(Collected data)

══════

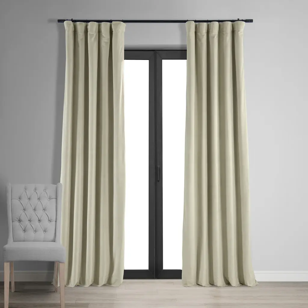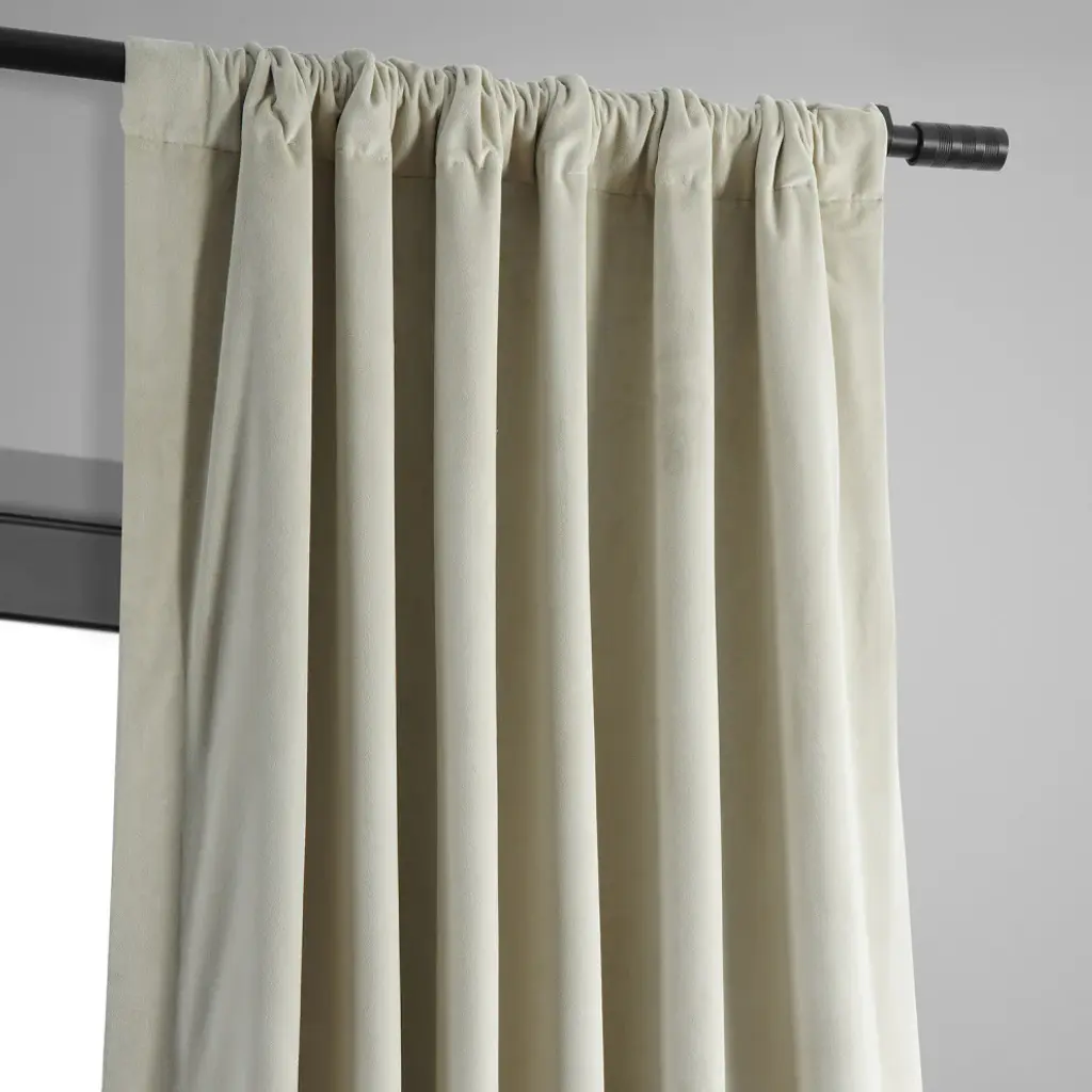 Signature Blackout Velvet Curtain Single Panel, Cool Beige, 50"x120"
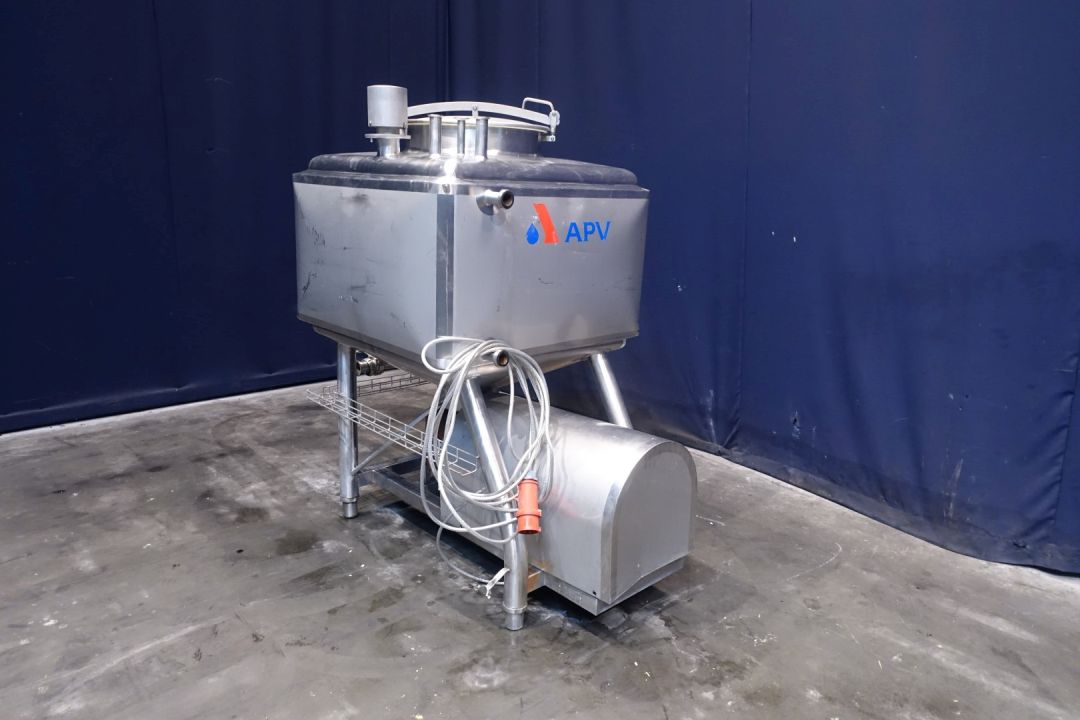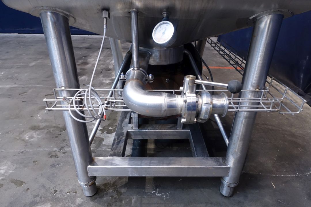 Liquiverter. Tank volume: 500 ltr. Double jacketed (slight explosion damage on jacket only not to inner tank). Spray bowl for CIP. Temperature indicator and manometer. Liquid ingrediënts inlet. Breather. Motor: 11 kW - 1.460 rpm. Total dimensions: 160 x 100 x 170 cm.
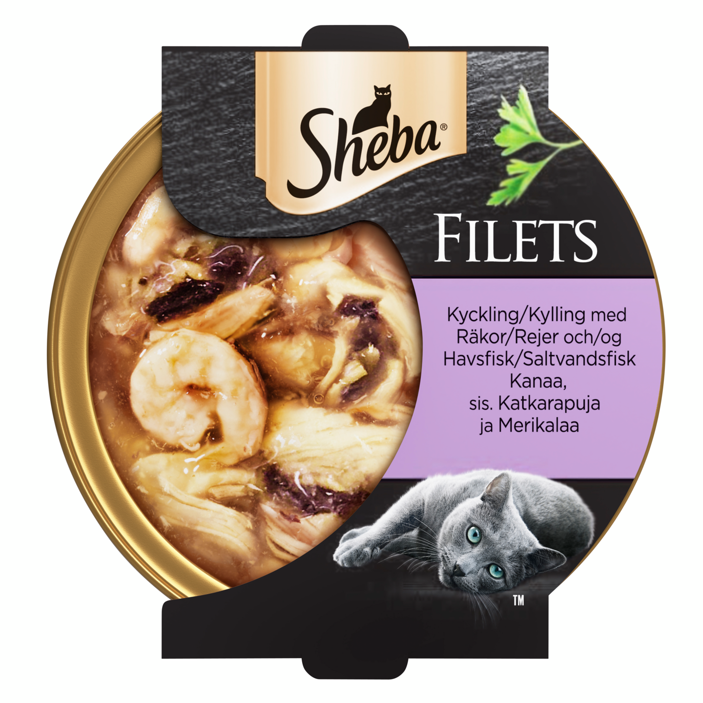 Sheba Filet sis. kanaa ja katkarapua on valmistettu vain mehukkaimmista kanapaloista ja herkullisista katkaravuista, kevyesti ylelliseen kastikkeeseen kastettuna. Hienointa kissan märkäruokaa puhtaista raaka-aineista, aito ilo kissasi aisteille.
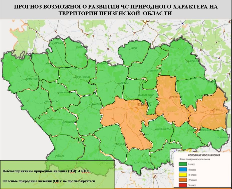 В трех районах Пензенской области прогнозируется четвертый класс пожарной опасности
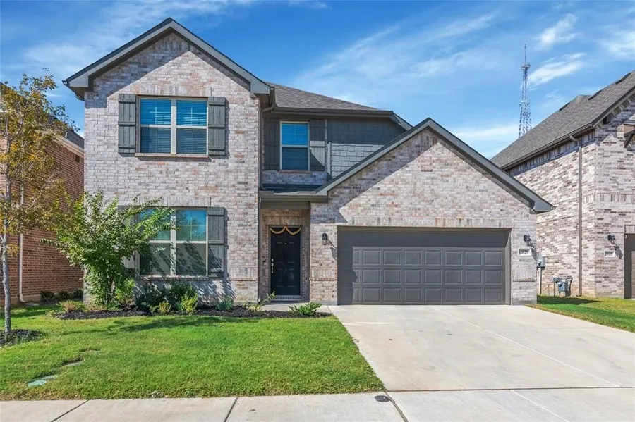 The first floor features a spacious primary bedroom with a luxurious en suite, a separate guest suite, and an enormous great room with a dining room, breakfast area, living space, and a gourmet kitchen. The second story has two more bedrooms and a full bath as well as a large loft area. The home is on a beautiful lot overlooking green space, nearby all the Trinity Parks amenities
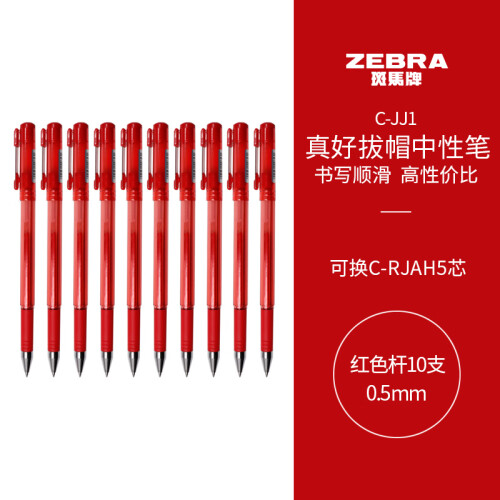 斑马牌(ZEBRA)真好中性笔 0.5mm子弹头签字笔 学生标记笔水性笔 C-JJ1 红色 10支装
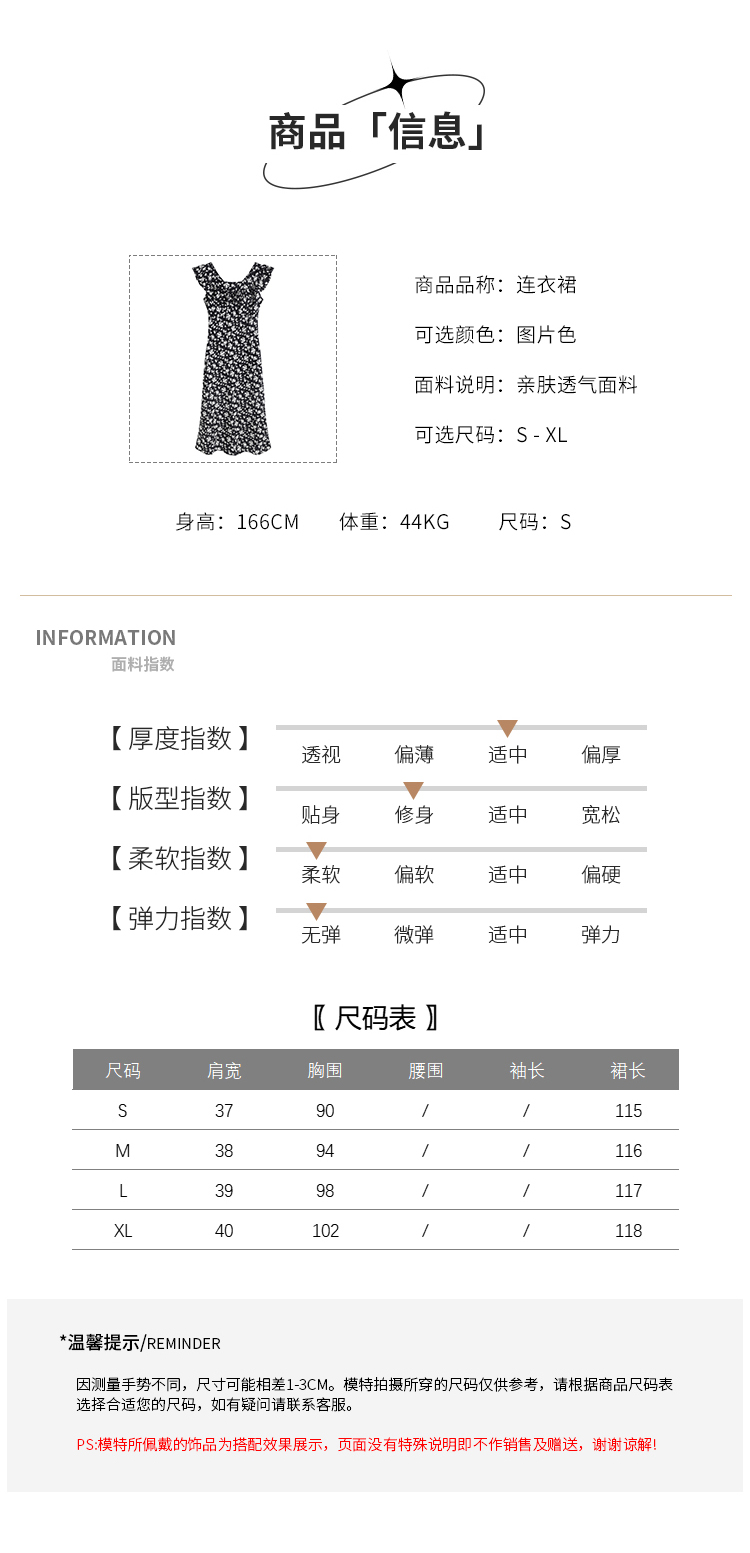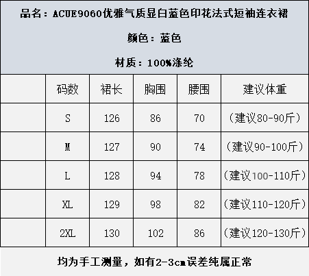 XL:裙长113 胸围98 腰围80 袖长24 肩宽34

══════

All of the records above are to be written out exactly, minus their images.

> _Result below_:
 Signature Blackout Velvet Curtain Single Panel, Cool Beige, 50"x120"
 Liquiverter. Tank volume: 500 ltr. Double jacketed (slight explosion damage on jacket only not to inner tank). Spray bowl for CIP. Temperature indicator and manometer. Liquid ingrediënts inlet. Breather. Motor: 11 kW - 1.460 rpm. Total dimensions: 160 x 100 x 170 cm.
 Sheba Filet sis. kanaa ja katkarapua on valmistettu vain mehukkaimmista kanapaloista ja herkullisista katkaravuista, kevyesti ylelliseen kastikkeeseen kastettuna. Hienointa kissan märkäruokaa puhtaista raaka-aineista, aito ilo kissasi aisteille.
 В трех районах Пензенской области прогнозируется четвертый класс пожарной опасности
 The first floor features a spacious primary bedroom with a luxurious en suite, a separate guest suite, and an enormous great room with a dining room, breakfast area, living space, and a gourmet kitchen. The second story has two more bedrooms and a full bath as well as a large loft area. The home is on a beautiful lot overlooking green space, nearby all the Trinity Parks amenities
 斑马牌(ZEBRA)真好中性笔 0.5mm子弹头签字笔 学生标记笔水性笔 C-JJ1 红色 10支装
 XL:裙长113 胸围98 腰围80 袖长24 肩宽34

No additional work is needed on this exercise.